South African radio and TV host and philanthropist

Noeleen Maholwana-Sangqu (born 14 September 1967) is a former South African radio and TV talk show host and philanthropist. She is best known for hosting the SABC daily talk show 3Talk.

== Biography ==
Maholwana-Sangqu was born in Umtata, South Africa in 1967 and was educated at John Bisseker High School in the Eastern Cape. She studied law at the University of Transkei in Umtata.

Maholwana-Sangqu started her presenting career on Radio Transkei in 1986, broadcasting in both English and isiXhosa. She then moved on to Radio 702 in 1994, where she was the second black woman on air at the station.

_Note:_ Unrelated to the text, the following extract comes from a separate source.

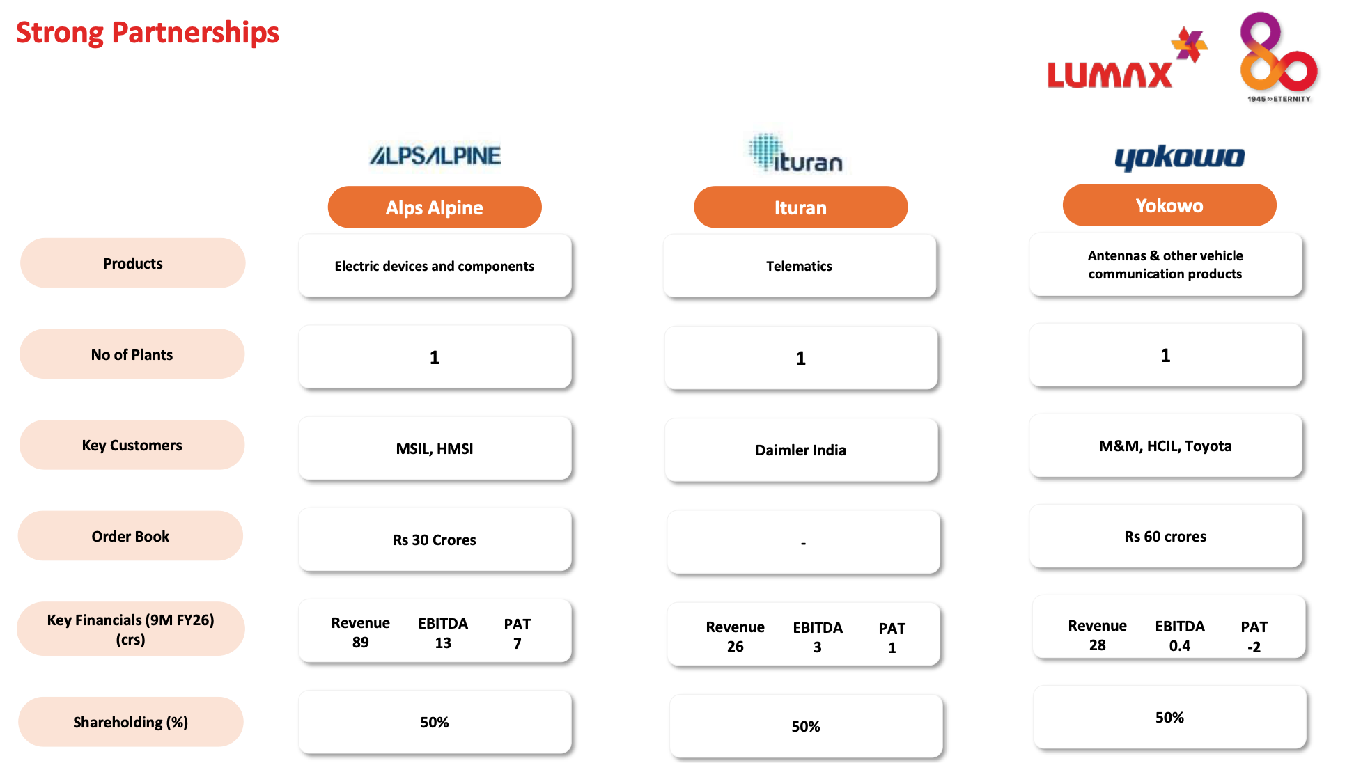 Lumax Alps Alpine India is a 50% JV with a Japanese electronics company. It generated ₹89 crore revenue and ₹13 crore EBITDA in 9M FY26.
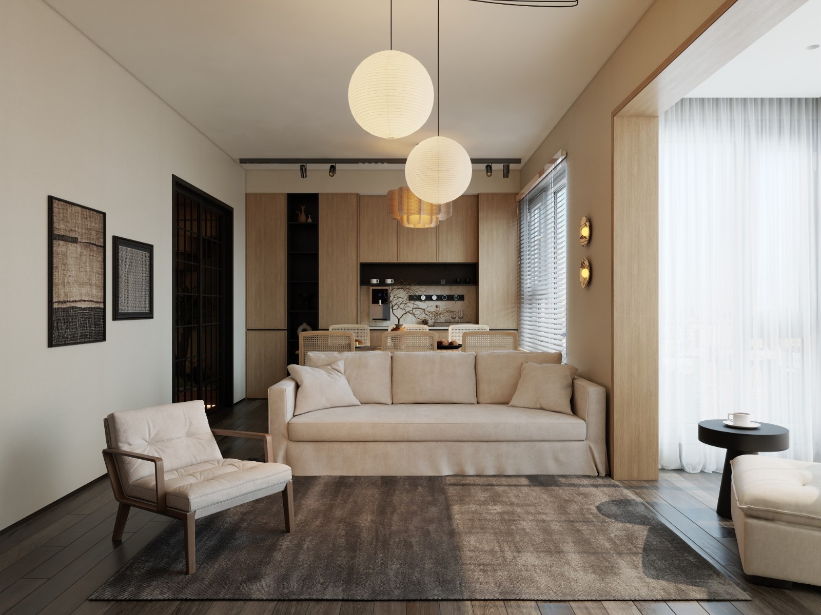 此客厅以柔和米色调为主调,浅棕沙发与单椅尽显质感,球形吊灯优雅垂落,采光***,于简约中流露高雅格调。

She later served as a member of the Primedia Broadcasting Board.

Maholwana-Sangqu began her television career in 2003 on the South African Broadcasting Corporation (SABC)'s daily show 3Talk. The show explored topics including contemporary racism in South Africa. Maholwana-Sangqu also interviewed celebrity guests, such as Lionel Richie, Kelly Rowland, Yudhika Sujanani, Desmond Tutu and Tats Nkonzo.

In 2004, Maholwana-Sangqu also hosted Great South Africans with Denis Beckett. The show became embroiled in a national controversy over the rankings accorded to some South African political figures. For example, Hendrik Verwoerd, the "Architect of Apartheid", ranked higher on the list than Albert Luthuli, South Africa's first Nobel Peace laureate, or Chris Hani, a famous anti-apartheid activist. The show was cancelled before the top ten were announced.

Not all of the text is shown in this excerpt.